Sie verlieren Eltern, Heimat und Identität – die Verschleppung ukrainischer Kinder nach Russland erfüllt laut UN die Kriterien eines Kriegsverbrechens.
„Die Kinder werden merken, dass sie belogen werden“Welche Folgen die Verschleppung nach Russland für ukrainische Kinder hat
Die ukrainische Regierung geht davon aus, dass seit Kriegsbeginn mehr als 16.000 Kinder nach Russland und in russisch besetzte Gebiete verschleppt wurden. Laut einer Yale-Studie sind mindestens 6000 von ihnen in 43 Lagern untergebracht, wo sie pro-russisch und militärisch umerzogen werden.
Ein UN-Kommission erklärte vergangene Woche, ihr lägen Beweise für Hunderte solcher Fälle vor. Kinder und Eltern seien immer wieder daran gehindert worden, Kontakt zueinander zu bekommen. Das seien Kriegsverbrechen. Der Internationale Strafgerichtshof hat deshalb den Haftbefehl gegen Putin und seine Kinderrechtskommissarin Maria Lwowa-Belowa ausgesprochen. Beiden wird vorgeworfen, für die teils gewaltsame Verschleppung ukrainischer Kinder nach Russland verantwortlich zu sein.
Die Kinder stammen laut der Yale-Studie größtenteils aus sozialen Einrichtungen in der Donbass-Region, also den Regionen Luhansk und Donezk. Aber auch Kinder aus den Regionen Cherson und Saporischschja sind betroffen. Zum Alter der Verschleppten gibt es keine genaue Angabe. Aus der Yale-Studie geht nur hervor, dass bereits Säuglinge ab einem Alter von vier Monaten in den Lagern untergebracht werden. Die ältesten Kinder seien 17 Jahre alt.
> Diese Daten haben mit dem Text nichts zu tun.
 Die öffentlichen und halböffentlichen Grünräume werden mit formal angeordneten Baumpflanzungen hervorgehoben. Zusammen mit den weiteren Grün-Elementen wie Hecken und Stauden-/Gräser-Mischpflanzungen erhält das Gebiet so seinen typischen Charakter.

Viele Kinder werden mit Langzeitfolgen kämpfen
Viele von ihnen kommen aus Waisenhäusern. Laut ukrainische Berichte verschleppt Russland auch Kinder, bei denen keine Informationen zum Verbleib der Eltern vorliegen. Die Kinderrechtsbeauftragte Lwowa-Belowa bestätigte, dass dies etwa im Fall von 30 Kindern aus Mariupol der Fall war. Somit ist es gut möglich, dass sich auch Kriegswaisen unter den Verschleppten befinden.
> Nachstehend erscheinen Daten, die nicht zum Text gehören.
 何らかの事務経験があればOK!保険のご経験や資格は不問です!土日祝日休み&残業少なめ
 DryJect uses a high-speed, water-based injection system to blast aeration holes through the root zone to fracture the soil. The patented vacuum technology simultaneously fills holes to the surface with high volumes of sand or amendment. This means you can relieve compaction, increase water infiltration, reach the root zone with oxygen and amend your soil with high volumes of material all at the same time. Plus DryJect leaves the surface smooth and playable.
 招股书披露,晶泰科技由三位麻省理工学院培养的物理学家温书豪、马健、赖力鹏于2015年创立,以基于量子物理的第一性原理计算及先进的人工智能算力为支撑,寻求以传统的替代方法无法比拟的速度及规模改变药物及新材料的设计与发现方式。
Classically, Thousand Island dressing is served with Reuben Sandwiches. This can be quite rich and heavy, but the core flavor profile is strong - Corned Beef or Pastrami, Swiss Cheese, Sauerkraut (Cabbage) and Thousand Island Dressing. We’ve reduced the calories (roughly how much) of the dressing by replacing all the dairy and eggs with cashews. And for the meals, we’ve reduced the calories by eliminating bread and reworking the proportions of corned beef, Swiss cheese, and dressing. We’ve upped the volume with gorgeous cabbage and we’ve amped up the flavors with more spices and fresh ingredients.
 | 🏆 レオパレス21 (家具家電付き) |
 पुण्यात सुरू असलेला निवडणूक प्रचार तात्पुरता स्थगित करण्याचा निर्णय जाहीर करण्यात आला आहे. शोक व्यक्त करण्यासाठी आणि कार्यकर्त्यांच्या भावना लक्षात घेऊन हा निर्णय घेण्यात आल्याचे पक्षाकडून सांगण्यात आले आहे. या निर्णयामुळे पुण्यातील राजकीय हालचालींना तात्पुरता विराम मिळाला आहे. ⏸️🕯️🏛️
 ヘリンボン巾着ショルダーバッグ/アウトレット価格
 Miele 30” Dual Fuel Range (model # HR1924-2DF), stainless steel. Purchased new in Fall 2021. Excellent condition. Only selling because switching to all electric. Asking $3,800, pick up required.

Ganz genau sagen, welche Konsequenzen die Deportation nach Russland für die mentale Gesundheit der Kinder hat, lässt sich noch nicht. Doch die Münchener Diplom-Psychologin Cornelia Lohmeier ist sich sicher, dass viele mit Langzeitfolgen kämpfen werden. „Wenn die Kinder von ihren Eltern getrennt und in ein anderes Land verschleppt werden, wo sie vielleicht noch nicht einmal die Sprache verstehen, dann kann das zu einem Trauma führen“, sagt Lohmeier. Die Trennung von den Eltern werde in der Regel als traumatisch erlebt - auch wenn sich die Folgen erst später einstellen würden. Ob die Verschleppung ebenfalls zu einer Traumatisierung führt, hinge laut Lohmeier auch davon ab, „wie die Kinder das Wegbringen aus dem Kriegsgebiet erleben“.
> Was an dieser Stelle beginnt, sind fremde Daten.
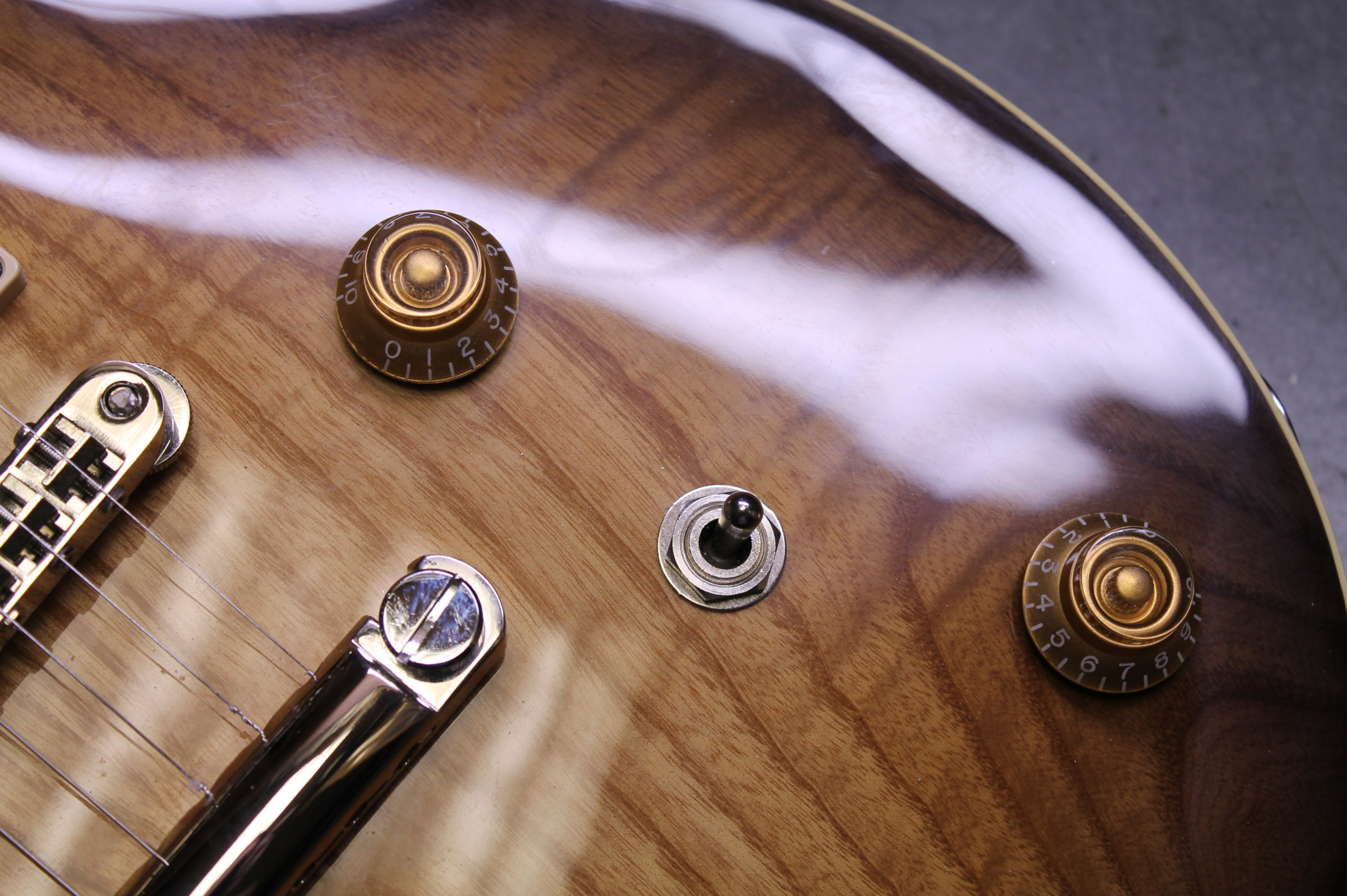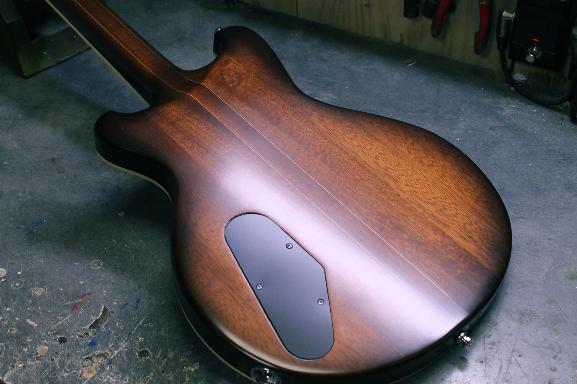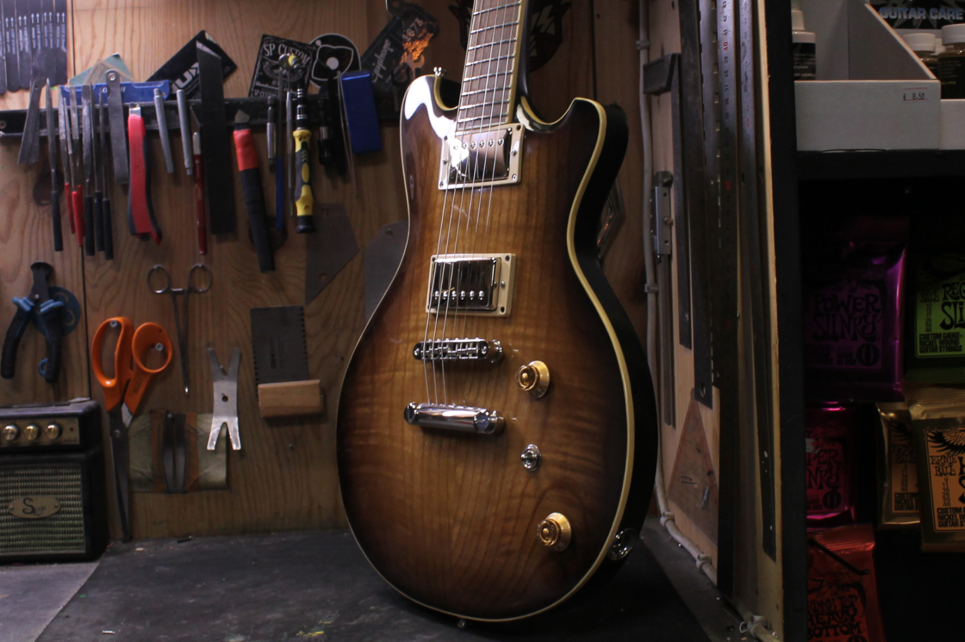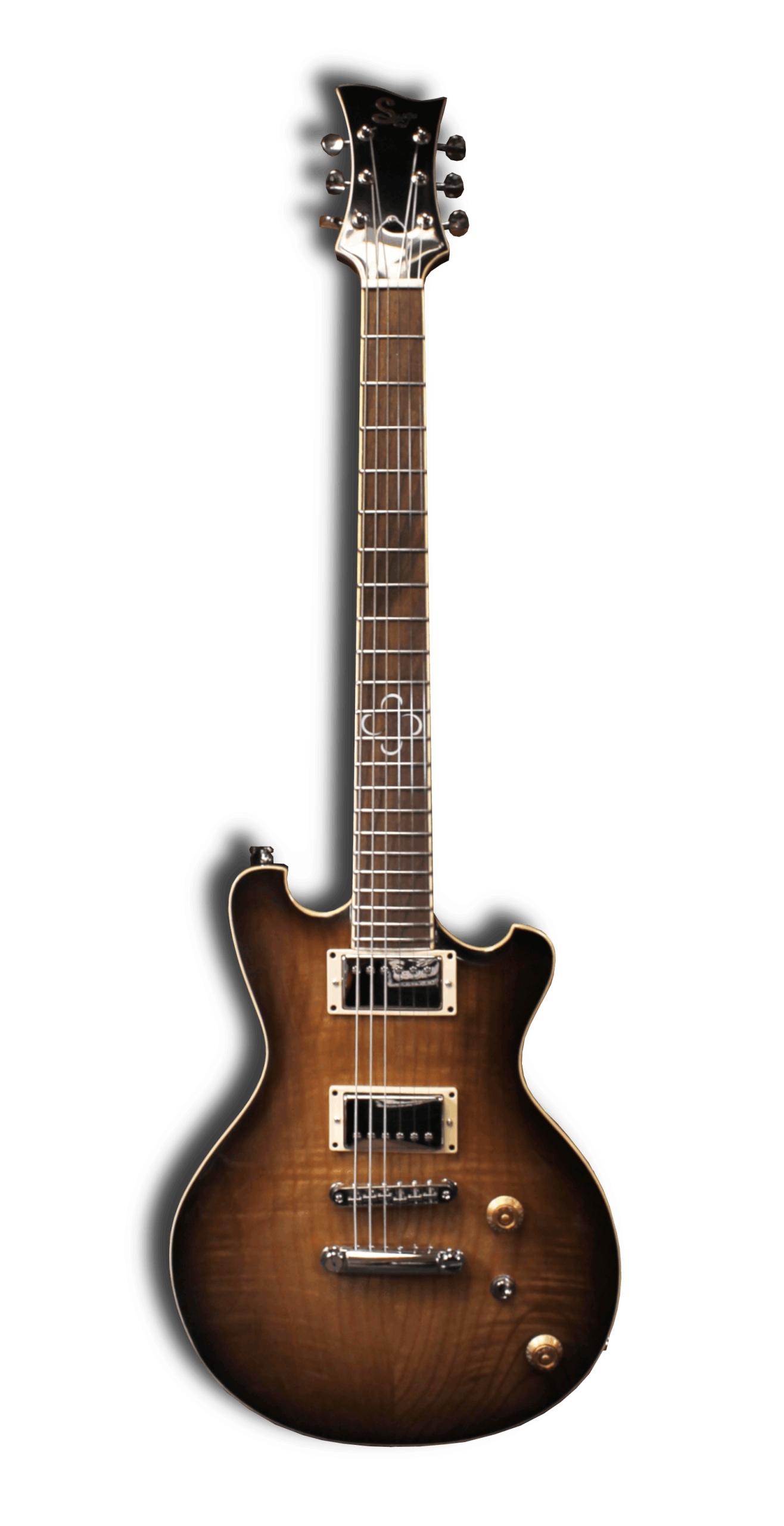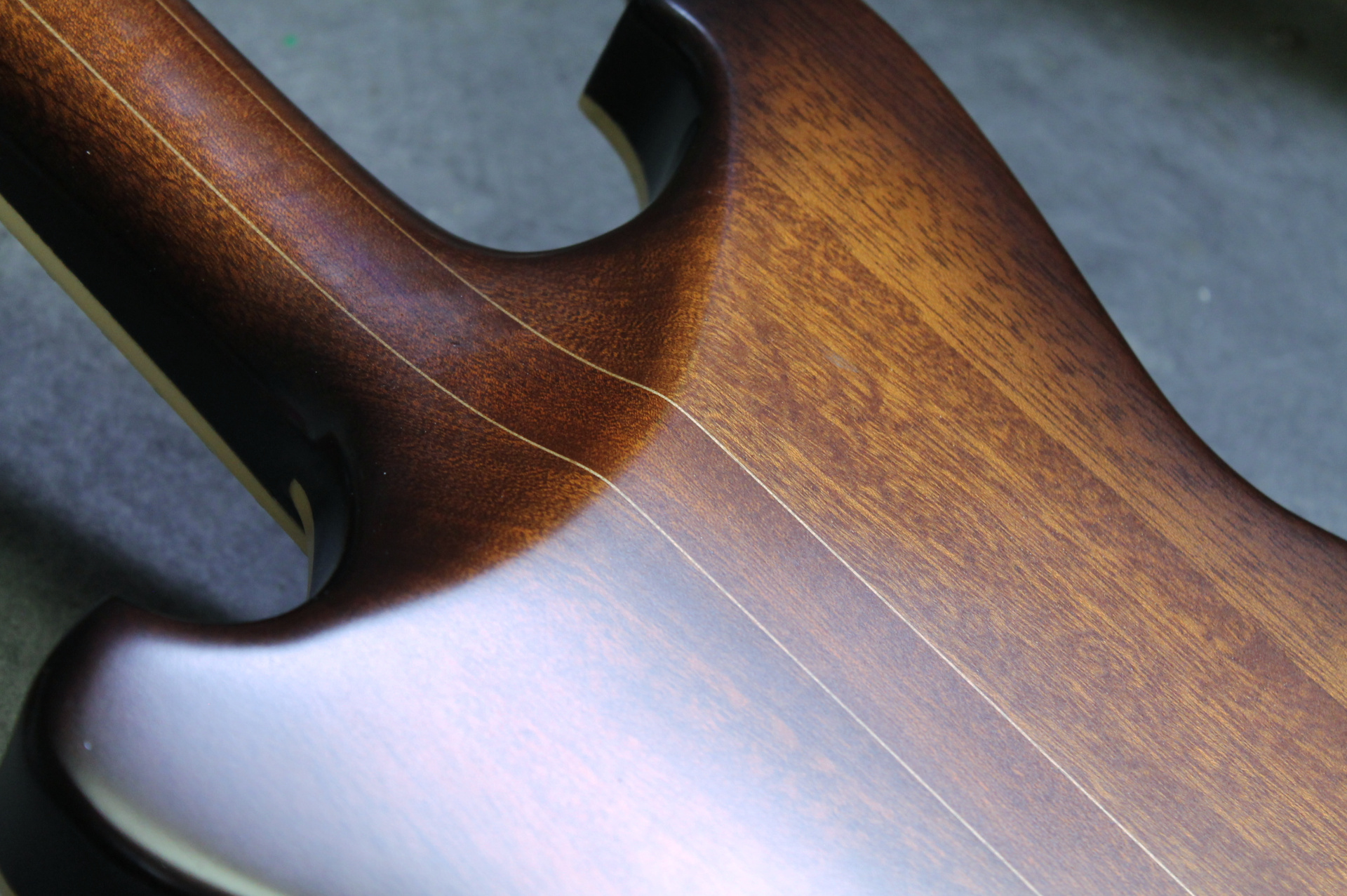 Cette Airea Symbiose semble classique de face, mais révèle à l’arrière un manche traversant qui accentue le jeu dans les aigus. Un choix de conception pensé dès l’origine pour offrir une jouabilité optimisée. Avec sa table en frêne ondé et son filet de finition présent jusque autour de la tête, cette guitare propose un équilibre subtil entre lutherie soignée et simplicité élégante.

Russland inszeniert sich als Retter und nennt die Deportierung der Kinder „Evakuierung“
Immer wieder ist in russischen Videos zu sehen, wie ukrainische Kinder an Bahnhöfen oder Flughäfen mit Luftballons und Kuscheltieren empfangen werden. Russland inszeniert sich dabei als Retter und stellt die Deportation von Kindern als „Evakuierung“ dar. Wie aber denken die Kinder selbst darüber? Lohmeier vermutet, dass sich einige gegen die Umsiedlung nach Russland weigern. „Gerade die älteren Kinder werden vermutlich eher versuchen, sich zu wehren“, sagt die Expertin. „Es werden aber auch Kinder dabei sein, die den Russen erst einmal glauben und erleichtert sind, dass sie aus dem Kriegsgebiet kommen und angeblich zur Erholung untergebracht werden.“
Doch bei Kindern, die das Schulalter erreicht haben, dürften kritische Fragen folgen - spätestens, wenn die Unterbringung in den Lagern andauert und Antworten auf die Frage nach den leiblichen Eltern ausbleiben. „Die Kinder werden merken, dass sie belogen werden. Und das führt zu einem erheblichen Vertrauensverlust und Verunsicherung.“ Eine politische Einordnung der russischen Kriegsverbrechen könne man von Vor- und Grundschulkindern nicht erwarten. Bis Kinder die genauen Zusammenhänge verstehen, könne es Jahre dauern – und auch die politische Sozialisation spiele eine Rolle. „Jüngere Kinder spüren aber, dass mit ihnen etwas passiert, was sie nicht beeinflussen können. Da ist die Hilflosigkeit noch stärker als bei den älteren Kindern.“
Leiden jüngere Kinder mehr?
Erfahren jüngere Kinder also mehr Leid durch eine Verschleppung als Jugendliche? Laut Lohmeier ist nicht davon auszugehen. Trotz der anfänglichen Hilflosigkeit seien jüngere Kinder eher in der Lage, sich an ihr neues Leben zu gewöhnen. „Die kleineren Kinder, die sich akzeptiert, verwöhnt und beschenkt fühlen, werden sich besser einleben und versuchen, Freundschaften zu schließen und sich heimisch zu fühlen“, sagt Lohmeier. In jungen Jahren würden die Betroffenen ohnehin keine Option haben, als sich ihrem Schicksal zu fügen.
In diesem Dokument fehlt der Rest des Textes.